No. Let nobody permit himself illusions in our regard. It is just because we know how ridiculously small is the number of our enemies that we, as the sole mandatories of the German people, shall suppress those enemies the moment they dare even to give any sign of their activities. The strong protection which is afforded them by their friends abroad does not disconcert us. It only confirms us in our determination.

What the German people may expect from these elements is made strikingly clear by the fervent hopes wLich their activities raise among all the international forces arrayed against Germany, When such activities are observed they are acclaimed and encouraged. Our bitterest enemies send them their warmest greetings. It indicates how grossly 'the mentality of the German nation is misunderstood when people believe, both on the one side and on the other, that such an alliance could disturb the foundations of a State whose leaders have placed the national honour in the foreground as the guiding ideal of all their conduct. Indeed the greatest recommendation which the National Socialist Movement enjoys is that it does not depend for support on this international protection.
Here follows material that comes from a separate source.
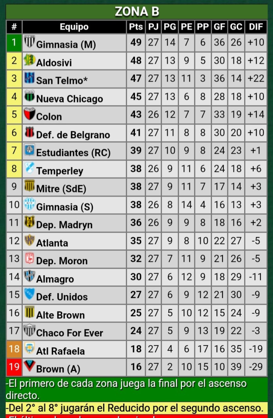 Este lunes se completará la fecha 27 con dos partidos: a las 15.30 Gimnasia y Tiro de Salta recibirá a Colón de Santa Fe, que tendrá el debut como técnico de Rodolfo De Paoli. Luego, a las 21.10, Temperley será anfitrión del Dep. Madryn.

In considering those domestic elements today I should like to analyse their motives and their methods of action for you and through you for the whole nation. In the struggle which we waged for fifteen years to acquire political power in Germany we came to know three leading classes of opponents who were artificers of German disintegration. Each group is conditioned by the other and all alike must be held responsible for the German debacle. They are:—

1. Jewish Marxism and the parliamentary democracy associated with it.

2. The politically and morally obnoxious Centre Party.

3. Certain incorrigible elements in the stupid and reactionary bourgeoisie.

For a long fifteen years we had these three sorts of people to fight against. That gave us the opportunity of coming to know them thoroughly. Despite the fact that they held power in their hands and applied that power without any scruple, despite an unrestrained terror in which hundreds were murdered and tens of thousands wounded, despite the barbaric attack on the women and children belonging to the families of our comrades, whereby the father was deprived of his means of livelihood and his wife and children thus condemned to starvation—despite it all, National Socialism finally triumphed over these three classes of political enemies.

In Moscow today they are making advances to the clique of political clerics who formerly belonged to the Centre Party and also to the reactionary bourgeoisie. But that does not come as a surprise to us, National Socialists. During the period of our struggle we had reason to know that each of these two parties worked in the closest alliance with the other. Hand in hand they used every available means to prevent the national resurgence of Germany. Today they cannot wipe out the remembrance of this by merely trying to forget it themselves or by repudiating the truth of the fact in a fury of pretended indignation.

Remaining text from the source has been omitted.